JC: Yeah, I tend to do more anthropomorphized things. I objectify women and anthropomorphize objects—like the fish or the tart. I think it relates to what I’ve been working on, which is the body. I used to paint more internal landscapes. The paintings were imaginary worlds and included lots of guts. I really love them. I don’t know if you know my older work? But I felt like I had to transition and start to paint the outside world. I choose objects that give you a door to enter the inside world of the body. The paintings are still very stylized and imaginary, but more about the body now—inside and outside. Food for example, is what you put inside your body to process nourishments. The tart also sort of looks like a slice of vagina.

 

BM: Yes! That is totally where it went with the tart. The hair is very present in it too.

 

JC: Exactly. I’m trying to make it look strange. So shape-wise, I think I’m going to actually do a few paintings like the one of the tart. There are a few things I’m not happy about with this one. But that’s ok. From one painting to another, it will evolve. I'll try to improve on the concept in the next one.

 

BM: Yeah, perfect starts don’t usually happen.

 

JC: I have stopped wanting to make a piece that says it all. You know? Sometimes making mistakes is important. If you try to put everything into one painting, that’s when you get stuck. You can never remain at the same level. You have to evolve. The stakes are too high, so you can never achieve your ambitions otherwise. This painting is imperfect in its own way, but I’m going to try to say something new in the next one that I couldn’t with the first one.

Funeral, 2017

acrylic and oil on canvas, 30" x 40"

photograph courtesy of Julie Curtiss

BM: Your work is so precise. I love it because they’re so feminine, but also a little bit sinister. Like that slice with the sharp edge of the spatula; it’s so sexual.
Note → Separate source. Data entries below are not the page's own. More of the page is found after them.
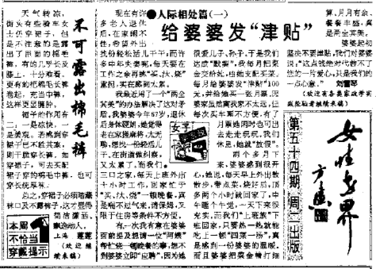 ■1993年10月的《新民晚报》刊登读者提醒(图左):穿裙子不可露出棉毛裤。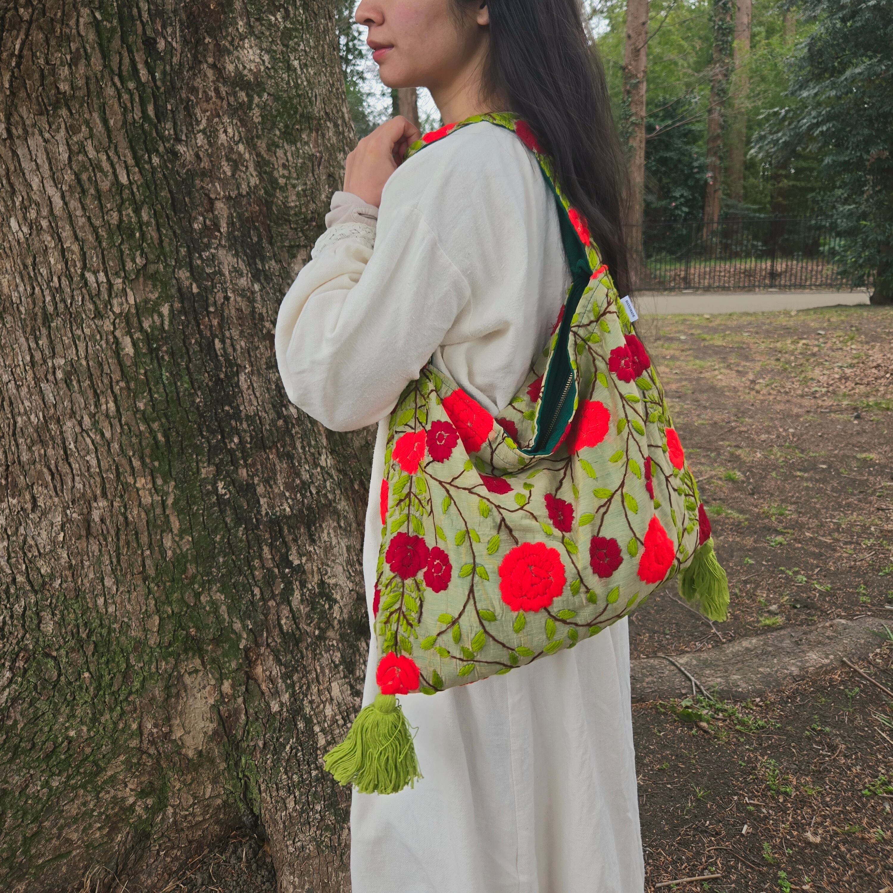 全面にあしらわれた刺繍はすべて手刺繍のため手仕事の温かみもたっぷり感じられる一品。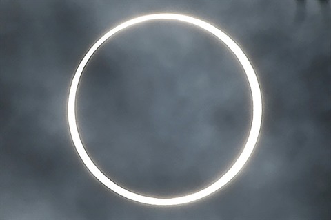 | L'éclipse "cercle de feu" telle qu'elle a pu être osbervée depuis la ville indienne de Dindigul. |

And even the tart itself, like we mentioned earlier.

 

JC: Would you say aggressive?

 

BM: No I wouldn’t say aggressive. Sinister I think is the right word. But not in a bad way.

 

JC: People often say that the hands I make aren’t feminine hands. There’s something masculine about them—kind of fleshy or claw-like. I represent women, but there are always masculine elements in the women. So there is masculinity in my work.

 

BM: My personal reaction to your work is always that you present a kind of femininity that allows women to be masculine. They’re beautiful paintings, but the women have an edge. I think that’s sort of rare in paintings by women to be honest.

 

JC: It’s funny because Clint [my husband] came into the studio once, and saw the beginning of Funeral. And he said, “Is it going to be a feminist painting?” There’s a naked woman and she’s sandwiched between two dressed men; and he felt like she was showing something wrong or vulnerable by trying to hide her body.

 

BM: Well sure, but that is a classic Venus—hiding but still showing.

 

JC: Yes, and it’s actually after a Courbet painting. It’s a mix of two paintings. The Painters’ Studio—with the woman naked like this and all the dressed men nearby because she’s a model. But I mixed it with another painting from Courbet, A Burial at Ormans. I don’t know, she’s like some kind of… I think it’s kind of psychological. Vulnerable women are not weak women, you know? I’m just showing different sides. That side exists in me, you know? Whether we like it or not, that side exists in me.

 

BM: Yeah you make it complicated and nuanced because women are complicated; being a woman is complicated. Do you look at Courbet a lot? My favorite painting of yours is the one my friend Ed bought, and that’s after Origine du monde.

 

JC: For some reason Courbet has never been a huge favorite of mine. But as an inspiration, there’s something about his paintings I can take from. They have something kind of raw and austere, but political at the same time. They have something that’s different. I like Manet as well. Courbet and Manet, I think, are my two big inspirations. It’s funny because I’ve always been a lot more interested in French Impressionists or French 19th and 20th century painting. But I’m also really into painting history in general.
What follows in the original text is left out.